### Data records
■ ■ ■

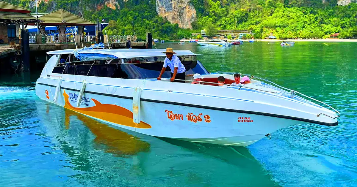 - Speedboat: Perfect for travelers short on time but big on adventure. Skim across turquoise waters with the wind in your hair, reaching Koh Phi Phi in about 1 hour and Koh Lanta in just over an hour—fast, exhilarating, and unforgettable.
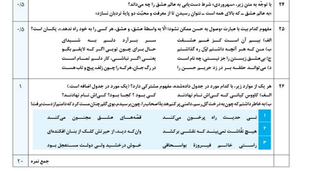 بانک سوال کتاب امتحانت فارسی دوازدهم مهروماه
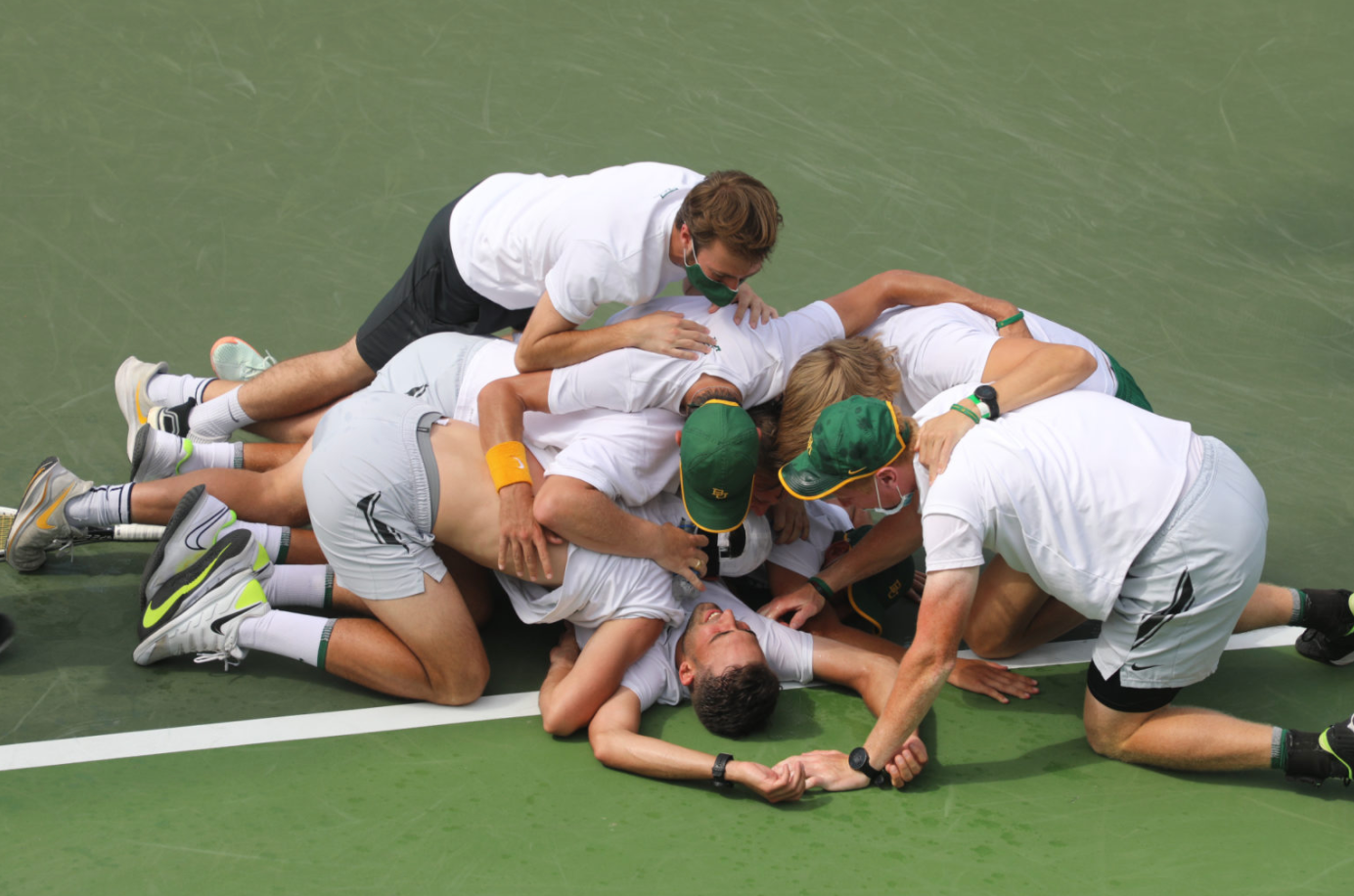 We Are The Champions: Baylor Men’s Tennis dog piles after clenching the Big 12 win against the University of Texas.
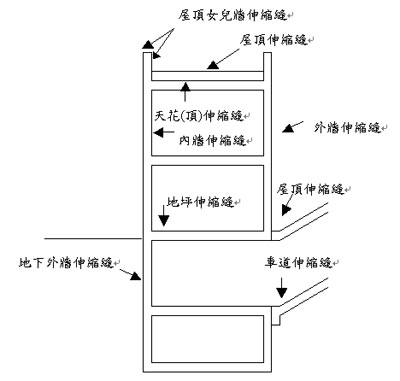 伸縮縫型式有多種,依使用位置可分為屋頂、外牆、地坪、內牆(柱)、天花(頂)等伸縮縫,依蓋板材質分類,則有彈性合成橡膠蓋板及不鏽鋼、鋁合金、銅合金等金屬蓋。適用伸縮縫縫寛,小自2.5cm,大至90cm等各種尺寸。為配合建築物外觀,蓋板表面處理方式及顏色有多種可供選擇。
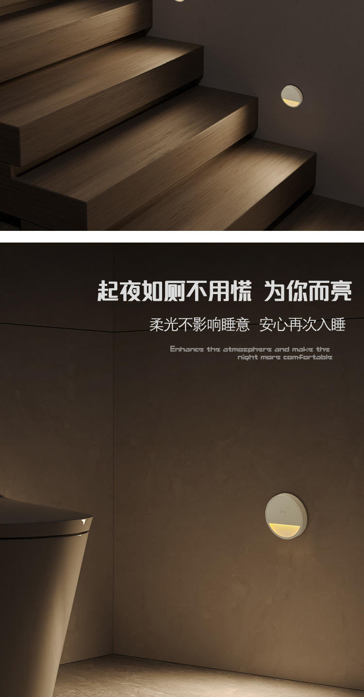 라운드 스마트 유도 나이트 라이트 레이더 유도 램프 충전 벽 램프 LED 계단 배선-무료 마그네틱 발 램프스토어 가기
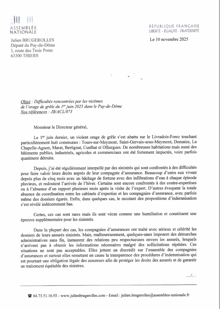 Difficultés rencontrées par les victimes de l’orage de grêle du 1er juin 2025 : le courrier de Julien Brugerolles aux compagnies d’assurance
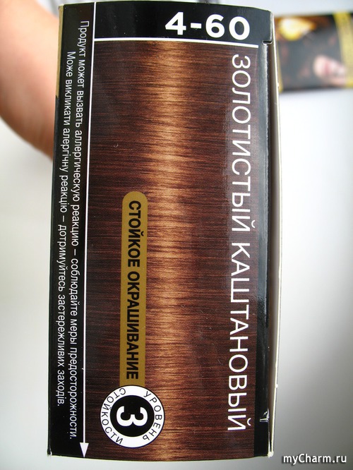 Познакомимся с "подопытным" поближе. Яркая картонная коробка привлекает внимание. Тон №4-60 Золотистый каштановый:
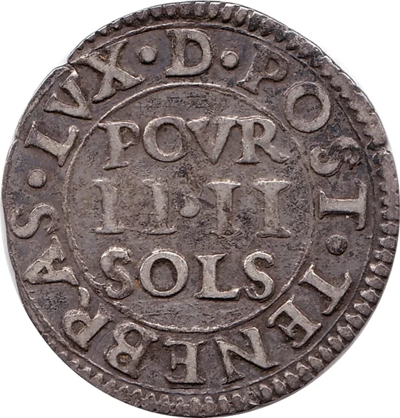 Arms in shield, sun above, date below.
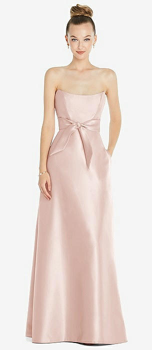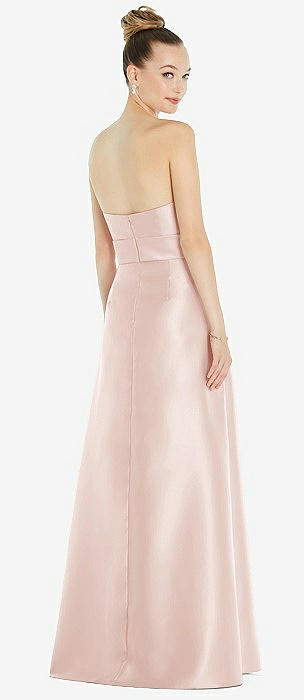 Strapless Satin Gown with Draped Front Slit and Pockets in blush
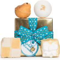 4種類のラメがきらめくバスアイテムをセレクトした数量限定ギフトです。 ローズやオレンジの華やいだ香りやクリスマスケーキを思わせる美味しい香りに包まれたバスタイムが楽しめます。なんて贅沢なんでしょ!
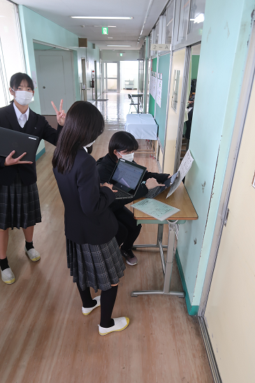 実際に行く班ごとに調べ学習 タブレットの導入でとても効率的になりました。
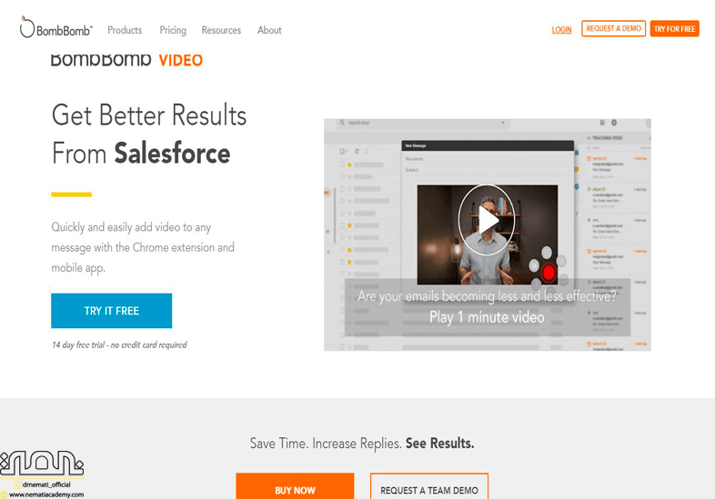 bombomb یک ابزار بازاریابی آنلاین برای ویدئو ها در فضای ابری می باشد. با استفاده از ویدئو ها و ارسال آن از طریق سرویس های اجتماعی، پیام کوتاه و ایمیل مخاطبان را به استفاده از سایت ها و کسب و کار شما دعوت می کند.BombBomb به عنوان یک برنامه کاربردی برای دستگاه های مبتنی بر Android و iOS در دسترس است و انعطاف پذیری کاربران را برای مدیریت در هر زمان امکان پذیر می کند. همچنین با پشتیبانی از ادغام برنامه با سیستم عامل های مختلف مانند Outlook ، Salesforce و Gmail ، بهره وری کاربر را افزایش می دهد.

■ ■ ■

Only the line with "Difficultés rencontrées par" and those preceding it, back to the first line of the entries, should be repeated exactly, without pictures.

### Response area
 - Speedboat: Perfect for travelers short on time but big on adventure. Skim across turquoise waters with the wind in your hair, reaching Koh Phi Phi in about 1 hour and Koh Lanta in just over an hour—fast, exhilarating, and unforgettable.
 بانک سوال کتاب امتحانت فارسی دوازدهم مهروماه
 We Are The Champions: Baylor Men’s Tennis dog piles after clenching the Big 12 win against the University of Texas.
 伸縮縫型式有多種,依使用位置可分為屋頂、外牆、地坪、內牆(柱)、天花(頂)等伸縮縫,依蓋板材質分類,則有彈性合成橡膠蓋板及不鏽鋼、鋁合金、銅合金等金屬蓋。適用伸縮縫縫寛,小自2.5cm,大至90cm等各種尺寸。為配合建築物外觀,蓋板表面處理方式及顏色有多種可供選擇。
 라운드 스마트 유도 나이트 라이트 레이더 유도 램프 충전 벽 램프 LED 계단 배선-무료 마그네틱 발 램프스토어 가기
 Difficultés rencontrées par les victimes de l’orage de grêle du 1er juin 2025 : le courrier de Julien Brugerolles aux compagnies d’assurance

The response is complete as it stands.